Overview of Data Investigations (Preview) in Microsoft 365

A data spill occurs when a document containing confidential, sensitive, or malicious content is released into an untrusted environment. When a data spill is detected, it's important to quickly contain the environment, assess the size and locations of the spillage, examine user activities around it, and then delete the spilled data from the service. Using the new Data Investigations (Preview) tool, you can search for sensitive, malicious, or misplaced data across Office 365, investigate what happened, and take the appropriate actions to remediate the spillage.

This article describes using the capabilities in the new Data Investigations (Preview) tool to address a data spillage scenario.


To access and conduct a data investigation, you need be a member of the Data investigator role group. For more information, see Assign permissions for Data Investigations.

Data Investigations (Preview) workflow

The following sections describe each step in the built-in workflow in Data Investigations (Preview). The following screenshot shows the Home tab of an investigation named High Risk: Finance Documents Leakage.

Workflow in the Data Investigations tool

Search for sensitive, malicious, or misplaced data

Use the Searches tab to create searches to find the Microsoft 365 for data that you want to remediate. You can create and run query-based searches to identify a set email messages and documents that might contain spilled data, and then collect them as evidence to review and analyze. Also, you can use the search tool to preview sample documents and view search statistics that can help you refine and improve the search results. Once you're satisfied that the search results contain the all the data relevant to the investigation, you add the search results to the evidence set to further review, impact assessment, and taking remedial actions as necessary. For more information, see Search for data in an investigation.

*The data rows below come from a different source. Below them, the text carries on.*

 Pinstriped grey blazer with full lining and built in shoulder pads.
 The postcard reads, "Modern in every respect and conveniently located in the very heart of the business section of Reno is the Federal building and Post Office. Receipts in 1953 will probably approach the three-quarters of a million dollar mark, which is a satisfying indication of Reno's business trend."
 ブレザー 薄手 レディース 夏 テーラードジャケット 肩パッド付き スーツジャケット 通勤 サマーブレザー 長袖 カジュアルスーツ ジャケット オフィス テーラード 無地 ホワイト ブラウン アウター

Review and investigate evidence

Use the Evidence tab to investigate the data that you've collected from the live service, which in this case is Office 365. The data in the evidence set is a snapshot of search results that you collected. When you add search results as evidence a process is triggered to extract files, metadata, and text. When this process is complete, the Data Investigations tool builds a new index of all the data and adds it to an evidence set. For any time-sensitive investigations, this allows you to quickly contain the environment by deleting data located in the original content locations (in the live service) while investigating the evidence that you collected in a quarantined environment. After evidence is collected, you can run more queries to narrow the data by time range, file types, data owners, and other types of conditions. For example, by using the Author, Sender, and Recipient conditions you can quickly identify those who were are involved in the data spill and if any of the spilled data was shared with people outside of your organization.

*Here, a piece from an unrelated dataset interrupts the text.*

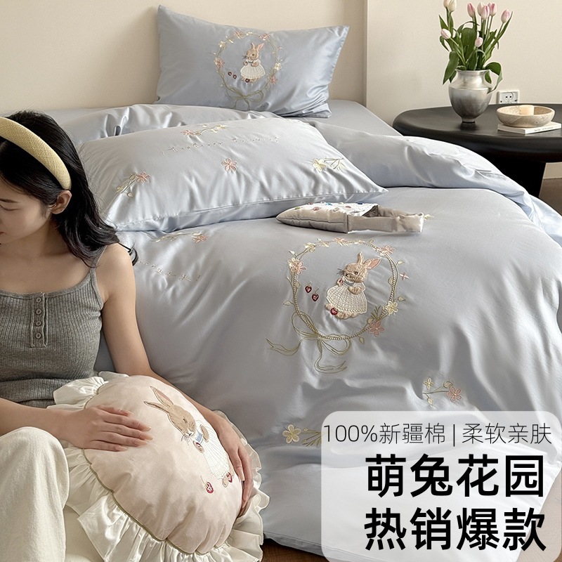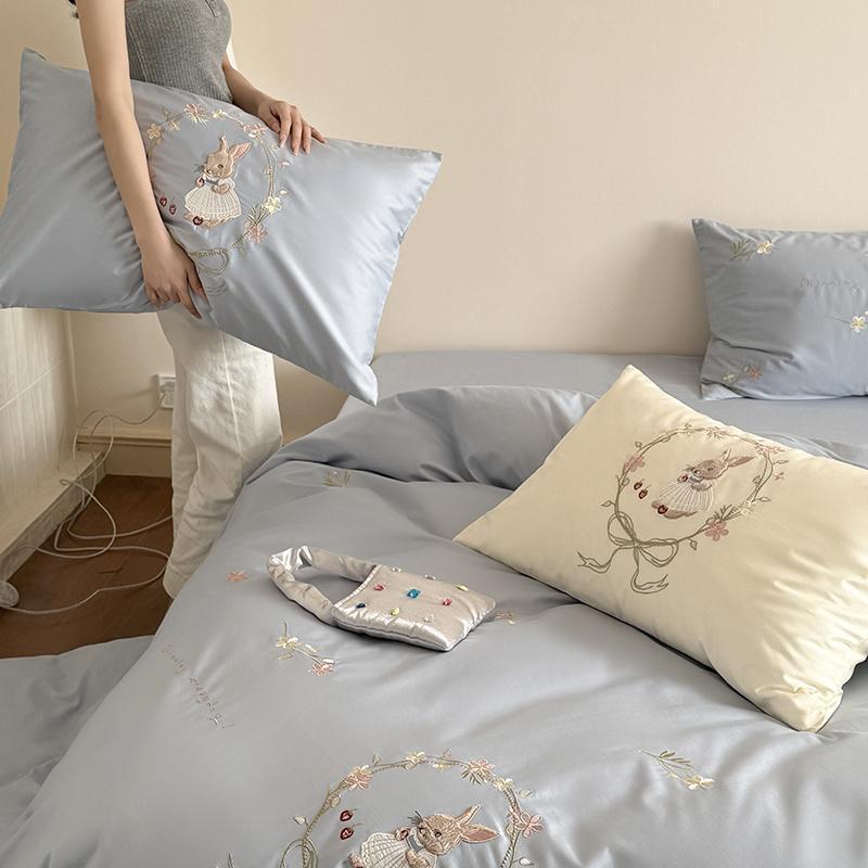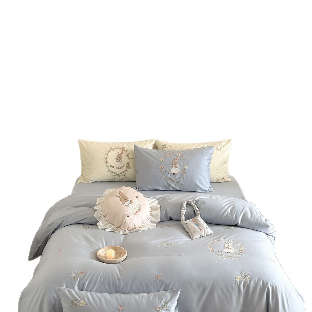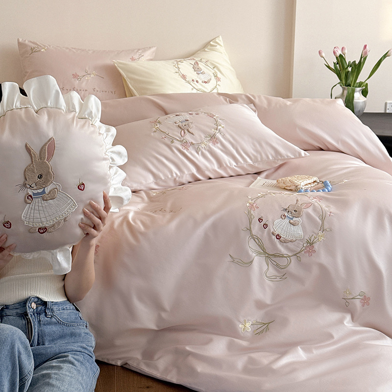 Главная страница > Набор постельного белья из длинноволокнистого хлопка Girly Heart 100S, 3 или 4 предмета, с вышивкой милого кролика, чистый хлопок, новые постельные принадлежности

You can also run advanced analytics on the evidence you collect. This can provide you with general themes, and organize evidence by email threads, exact duplicates, and near duplicates to facilitate your investigation. You can review documents in extracted text view or in the native file format, and tag them with investigation results. For more information, see:

Managing people of interest

Use the People of interest tab to add and manage the people that you've identified as persons of interest during your investigation of the evidence. When you add people of interest, their data sources, such as their mailbox and OneDrive account, are identified and mapped. Then you can scope searches by searching only the content locations of those people. When scoped by people of interest, searches are more efficient and accurate because the tool reprocesses any unindexed data such as images or unsupported file types. On the People of interest tab, you can also view and search the audit log activity of those people to further help your investigation. You can add more people of interest throughout the investigation. For more information, see Manage people of interest an investigation.

Indexing the data of people of interest

Adding a person of interest to an investigation re-indexes any partially indexed items from the person's data sources. This process is called Advanced indexing. Advanced indexing reprocesses data such as images and unsupported file types so that this data is fully discoverable when you run searches to collect data for an investigation. Use the Processing tab to monitor the status of Advanced indexing and fix any processing errors that may occur using a process called error remediation. For more information, see Error remediation when processing data for an investigation.

Exporting data

If you want to export data, use the Exports tab to manage an export job and download data from the evidence set. When you export evidence, the data is uploaded to an Azure Storage location and then is available to download to a local computer. On the Exports tab, you can obtain the Azure Storage location URL and the storage assess key, which are both necessary to download the exported data. For more information, see Export data from an investigation.

Managing jobs

Use the Jobs tab to monitor the long-running processes for tasks related to the investigation. This includes jobs for running searches, adding data to an evidence set, reindexing data, and exporting evidence. For example, you might create a search on the Searches tab that includes many data sources. The status of this search process is displayed on the Jobs tab. For more information, see Manage jobs in a data investigation.

Configuring investigation settings

Use the Settings tab to configure investigation-wide settings. This includes adding members to an investigation, closing or deleting an investigation, and configuring search and analytics behavior.